Arriving into Khartoum was a bit of a joy and marked by securing a nice hotel, a place that over the years has been known as a base for journalists and NGO workers. A shower was one of the more comforting options, a gush of water that quickly turned us from brown to only partially brown. Other main luxuries besides us all now being mildly presentable were actual beds (no sleeping sheet required), restaurants that offered varying options and a television. My rest day in the city was as per my normal rushed affair, forcing me to query the benefits of rest versus taking in the sites. In the end I won’t be back in a hurry so figured I should see all I could whilst possible.

Our days following our departure from Khartoum were filled with some actual greenery (not much), heat (a lot) and the absence of our friend, a tailwind due to our now easterly direction. The heat was well hot, amplified by the lack of shade, temperatures reaching up to 40 degrees and the simply fact that you had to cycle through its entire daily duration with the suns effect evident by the beautiful looking cracked and peeling lips and nose that I was now sporting. This was all despite putting numerous layers of sunscreen, pawpaw cream and our locally bought shemaghs. On the plus side it was good for our now impressive ruler straight tan lines. As for the change of direction and the resulting headwind it definitely resulted in some harder days on the bike, ones that are quickly forgotten on reflection although at the time made it a bit more difficult to continual push for 10 hours per day for continuing nighttime arrivals. The lights on our bikes, which were a last minute purchase, were certainly proving to be worthwhile.

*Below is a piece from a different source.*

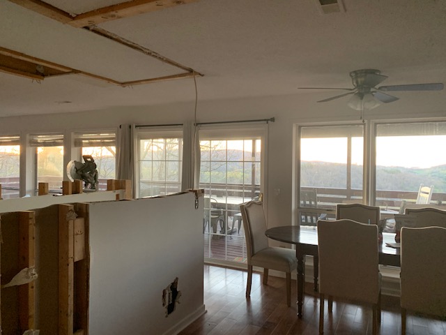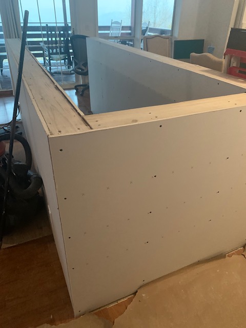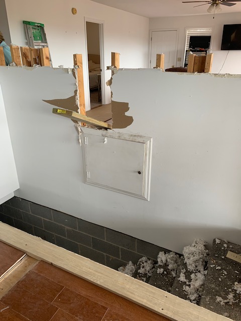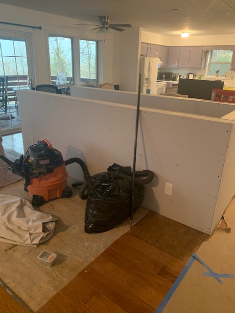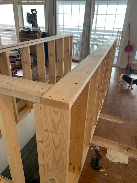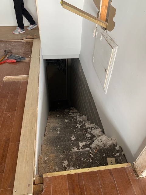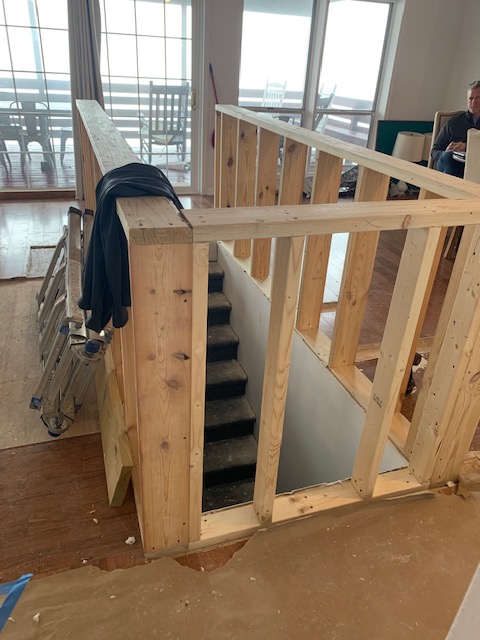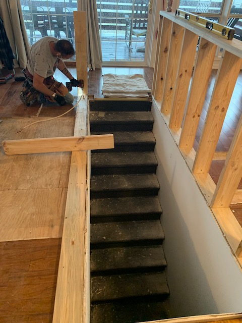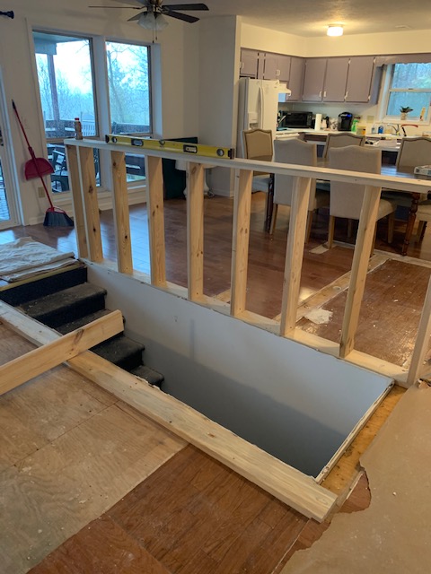 Hi everyone! This week has been crazy busy but we’ve gotten a lot accomplished and we are both very happy with our progress. I can’t wait for you to see what we’ve done! You may remember that when we left off last Saturday we had the big whoops of the shower door top being cut too short. Quick update on that – first thing Monday morning, Keith called Delta (the company that makes bathroom things, not the airline) and they are awesome and are sending a new top to our shower door. It will take 5-8 business days to arrive so we hope to see it this coming week. We enjoyed a few days at home relaxing and ordering food from our favorite local places and returned back to the mountains on Tuesday. Our handyman came Wednesday and brought a helper for 3 days. As we mentioned, we’re using Kevin (who is awesome by the way) to supplement things we don’t have time or the desire to do. He and his helper got a lot done this week! So let’s dive in and I’ll share with you the progress. Last week we had gotten the stairwell walls demoed. This week, Kevin was able to frame up the new stairwell surround and partially drywall it. Here’s a look at what was done.

Our bikes throughout the country did really well along with our bodies. Shane broke some more spokes but considering the long distances and lack of bike shops we came out really on top. Occasionally, when seeing other cyclist’s bikes ours certainly stood out with each part seemingly the optimum selection for this type of trip. Whether this was the internally geared Rohloff rear hub, the dyno-hub on the front wheel to charge USB items and to run our lights or the simple inclusion of the stand that proved a worthwhile addition everything just worked so well. It should be noted pretty much the entire bike was black, nice vibrant aesthetics. With the bikes performing so well (and looking good) the whole getting up ride and do the same the next day was simply our life at this stage. A very good one I should add.

The main constant throughout the country besides being woken early due to the call for morning prayers was the food, named fool. I will never again critique my diverse culinary choices at home considering that each day featured fool (mashed up fava beans) in slim choices whether this be with egg, our own tomatoes or onions which we passed onto the chef (man mashing beans) or if it was mashed with an empty coke or pepsi bottle. Pretty much the only variance to this meal was our own desert camp cooked meals (2 minutes noodles with or without tuna) and the non-Sudanese dish of bibimbap provided to us by a Korean family we stayed with.

The last day in the country was what we labeled a ‘mad dash’ with a late start and a long distance we aimed to cross the border that day. The naming of the day certainly gave us an extra 10% mainly because it sounded like a fair reasoning. Made it we did and we left behind the numerous border-stamping employees of Sudan to be meet on the Ethiopian side with finger scanning… The difference an arbitrary line on a map can make.